These solvents may be used singly or as a mixture of two or more
thereof.
[0077] In the first treating agent containing a solvent, the solids
concentration may be on the order of, for example, from 1 to 70
mass %, preferably from 2 to 60 mass % (e.g. from 3 to 50 mass %),
still preferably from 4 to 40 mass %, and especially from 5 to 30
mass %.
[0078] The method for treating the untreated yarns for an aramid
cord with the first treating agent is not particularly limited, and
examples thereof include spraying, application, dipping and the
like. Of these treating methods, a dipping is generally used. The
dipping time may be on the order of, for example, from 1 to 20
seconds, and preferably from 2 to 15 seconds.
[0079] After treated with the first treating agent, the untreated
yarn for an aramid cord may be dried if necessary. The drying
temperature may be on the order of, for example, from 100 to
250.degree. C., preferably from 110 to 220.degree. C., and still
preferably from 120 to 200.degree. C. The drying time may be on the
order of, for example, from 10 seconds to 30 minutes, preferably
from 30 seconds to 10 minutes, and still preferably from 1 minute
to 5 minutes. Further, the drying may be performed with applying a
tension on the untreated yarn for an aramid cord. The tension may
be on the order of, for example, from 5 to 15 N, and preferably
from 10 to 15 N. By drying with applying a tension, the treating
agent gets to conform easily to the untreated yarn for an aramid
cord; as a result, when the untreated yarn for an aramid cord is a
twisted yarn, unevenness in twisting can be reduced and variations
caused in thickness of twisted yarn due to uneven twisting can be
lessened.
[0080] The adhesion rate of the first treating agent adhered to the
untreated yarns for an aramid cord during the treatment with the
first treating agent ((mass after treatment with first treating
agent-mass before treatment with first treating agent)/mass after
treatment with first treating agent.times.100) may be on the order
of from 0.5% to 5% by mass, preferably from 0.7% to 4% by mass, and
still preferably from 1% to 3% by mass.
[0081] The average thickness of a coating formed by the first
treating agent may be on the order of from 0.001 to 5 .mu.m,
preferably from 0.01 to 3 .mu.m, and still preferably from 0.05 to
2 .mu.m.
Second Treatment Step
[0082] The first treated yarn for an aramid cord, which has been
treated with the first treating agent, though may be used as the
aramid cord as it is, may be generally treated further with a
second treating agent containing resorcinol, formalin and a latex.

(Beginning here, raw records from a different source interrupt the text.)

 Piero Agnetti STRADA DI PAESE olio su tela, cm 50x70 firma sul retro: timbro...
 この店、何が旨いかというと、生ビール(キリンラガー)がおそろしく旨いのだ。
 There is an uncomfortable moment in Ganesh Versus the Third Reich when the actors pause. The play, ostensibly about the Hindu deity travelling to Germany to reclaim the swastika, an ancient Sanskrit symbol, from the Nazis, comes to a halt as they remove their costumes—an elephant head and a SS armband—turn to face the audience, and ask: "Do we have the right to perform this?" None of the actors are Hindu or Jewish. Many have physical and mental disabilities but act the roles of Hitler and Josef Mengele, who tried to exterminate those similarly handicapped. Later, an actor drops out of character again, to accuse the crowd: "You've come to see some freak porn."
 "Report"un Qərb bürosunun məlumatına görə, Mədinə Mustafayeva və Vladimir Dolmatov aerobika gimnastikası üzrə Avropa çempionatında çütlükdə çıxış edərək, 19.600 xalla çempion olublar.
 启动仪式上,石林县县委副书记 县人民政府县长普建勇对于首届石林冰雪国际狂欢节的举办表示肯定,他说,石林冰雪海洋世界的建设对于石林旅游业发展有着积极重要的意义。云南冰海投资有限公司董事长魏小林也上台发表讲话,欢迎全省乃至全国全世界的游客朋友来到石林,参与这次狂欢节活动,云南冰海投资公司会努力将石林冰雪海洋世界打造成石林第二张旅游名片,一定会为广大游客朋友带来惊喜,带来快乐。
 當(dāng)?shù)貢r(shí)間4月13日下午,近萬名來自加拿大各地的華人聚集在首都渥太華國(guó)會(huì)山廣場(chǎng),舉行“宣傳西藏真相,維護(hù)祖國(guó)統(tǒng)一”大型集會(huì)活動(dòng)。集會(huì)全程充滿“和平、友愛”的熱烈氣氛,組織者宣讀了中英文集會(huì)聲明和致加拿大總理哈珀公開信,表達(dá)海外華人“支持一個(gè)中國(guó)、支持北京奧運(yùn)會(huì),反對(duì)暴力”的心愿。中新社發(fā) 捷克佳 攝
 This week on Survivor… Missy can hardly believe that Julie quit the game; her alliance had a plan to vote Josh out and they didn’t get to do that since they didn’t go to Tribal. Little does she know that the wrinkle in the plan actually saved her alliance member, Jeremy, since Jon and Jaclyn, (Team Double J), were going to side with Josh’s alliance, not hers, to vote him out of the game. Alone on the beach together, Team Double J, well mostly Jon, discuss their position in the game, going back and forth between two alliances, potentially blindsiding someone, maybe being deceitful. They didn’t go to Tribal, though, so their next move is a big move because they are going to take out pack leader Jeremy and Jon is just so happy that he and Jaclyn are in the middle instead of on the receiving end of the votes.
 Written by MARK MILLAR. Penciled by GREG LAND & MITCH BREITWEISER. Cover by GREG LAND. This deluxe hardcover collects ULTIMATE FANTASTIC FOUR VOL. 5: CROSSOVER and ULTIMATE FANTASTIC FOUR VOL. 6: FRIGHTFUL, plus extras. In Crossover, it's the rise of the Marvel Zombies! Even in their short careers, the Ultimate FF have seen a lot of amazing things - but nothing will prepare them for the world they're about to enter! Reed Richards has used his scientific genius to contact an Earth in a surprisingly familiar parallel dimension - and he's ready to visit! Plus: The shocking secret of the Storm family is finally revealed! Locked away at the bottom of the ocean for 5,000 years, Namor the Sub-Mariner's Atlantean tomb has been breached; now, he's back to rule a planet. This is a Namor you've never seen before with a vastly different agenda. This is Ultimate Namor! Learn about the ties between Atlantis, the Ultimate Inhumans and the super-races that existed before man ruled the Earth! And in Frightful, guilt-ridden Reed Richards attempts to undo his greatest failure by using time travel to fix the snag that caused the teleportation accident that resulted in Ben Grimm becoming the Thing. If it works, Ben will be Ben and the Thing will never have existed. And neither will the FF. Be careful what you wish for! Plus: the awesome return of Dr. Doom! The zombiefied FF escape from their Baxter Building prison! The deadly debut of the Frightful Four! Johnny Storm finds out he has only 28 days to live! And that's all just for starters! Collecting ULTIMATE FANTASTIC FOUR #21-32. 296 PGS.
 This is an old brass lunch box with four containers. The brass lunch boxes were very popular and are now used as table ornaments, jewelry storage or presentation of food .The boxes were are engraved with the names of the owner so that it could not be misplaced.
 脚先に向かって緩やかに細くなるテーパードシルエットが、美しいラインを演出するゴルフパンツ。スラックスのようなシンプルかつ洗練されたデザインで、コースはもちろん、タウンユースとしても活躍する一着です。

By undergoing the step (second treatment step) of treating with
such a second treating agent, the adhesion force between the aramid
cord and a power transmission belt body can be further
enhanced.
[0083] The second treating agent (unvulcanized rubber composition
or an RFL solution) contains resorcinol (R), formaldehyde (F) and a
rubber or latex (L). Therein, resorcinol (R) and formaldehyde (F)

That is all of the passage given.